**Information supplied**
================
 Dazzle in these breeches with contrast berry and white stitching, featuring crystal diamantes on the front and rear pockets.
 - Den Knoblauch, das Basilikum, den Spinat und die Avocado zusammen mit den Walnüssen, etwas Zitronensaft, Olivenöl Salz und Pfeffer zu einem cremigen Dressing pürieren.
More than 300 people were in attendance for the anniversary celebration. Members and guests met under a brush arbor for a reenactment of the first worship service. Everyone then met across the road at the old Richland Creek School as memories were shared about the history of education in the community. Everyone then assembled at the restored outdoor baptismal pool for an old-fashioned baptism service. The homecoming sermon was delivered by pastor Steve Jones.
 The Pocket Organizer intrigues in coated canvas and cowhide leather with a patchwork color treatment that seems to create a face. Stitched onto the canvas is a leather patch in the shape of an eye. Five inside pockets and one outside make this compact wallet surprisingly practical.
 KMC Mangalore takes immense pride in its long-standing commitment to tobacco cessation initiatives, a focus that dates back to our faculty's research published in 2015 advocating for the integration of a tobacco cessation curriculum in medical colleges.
================
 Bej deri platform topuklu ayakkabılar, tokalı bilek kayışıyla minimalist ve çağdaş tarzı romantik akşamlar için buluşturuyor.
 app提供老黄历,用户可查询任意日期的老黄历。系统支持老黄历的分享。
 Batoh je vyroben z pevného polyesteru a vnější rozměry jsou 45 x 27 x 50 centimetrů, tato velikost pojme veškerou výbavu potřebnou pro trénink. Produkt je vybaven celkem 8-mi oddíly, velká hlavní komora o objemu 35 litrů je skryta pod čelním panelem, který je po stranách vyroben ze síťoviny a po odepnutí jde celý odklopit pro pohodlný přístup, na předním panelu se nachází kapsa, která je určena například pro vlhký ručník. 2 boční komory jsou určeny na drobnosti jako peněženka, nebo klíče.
================
**Problem to solve**
In the entries above, the lines between the one holding "Bej deri platform" and the one holding "app提供老黄历,用户可查询任意日期的老黄历。系统支持老黄历的分享。", inclusive, are to be printed exactly as written, and those alone.

**Result of the task**
 Bej deri platform topuklu ayakkabılar, tokalı bilek kayışıyla minimalist ve çağdaş tarzı romantik akşamlar için buluşturuyor.
 app提供老黄历,用户可查询任意日期的老黄历。系统支持老黄历的分享。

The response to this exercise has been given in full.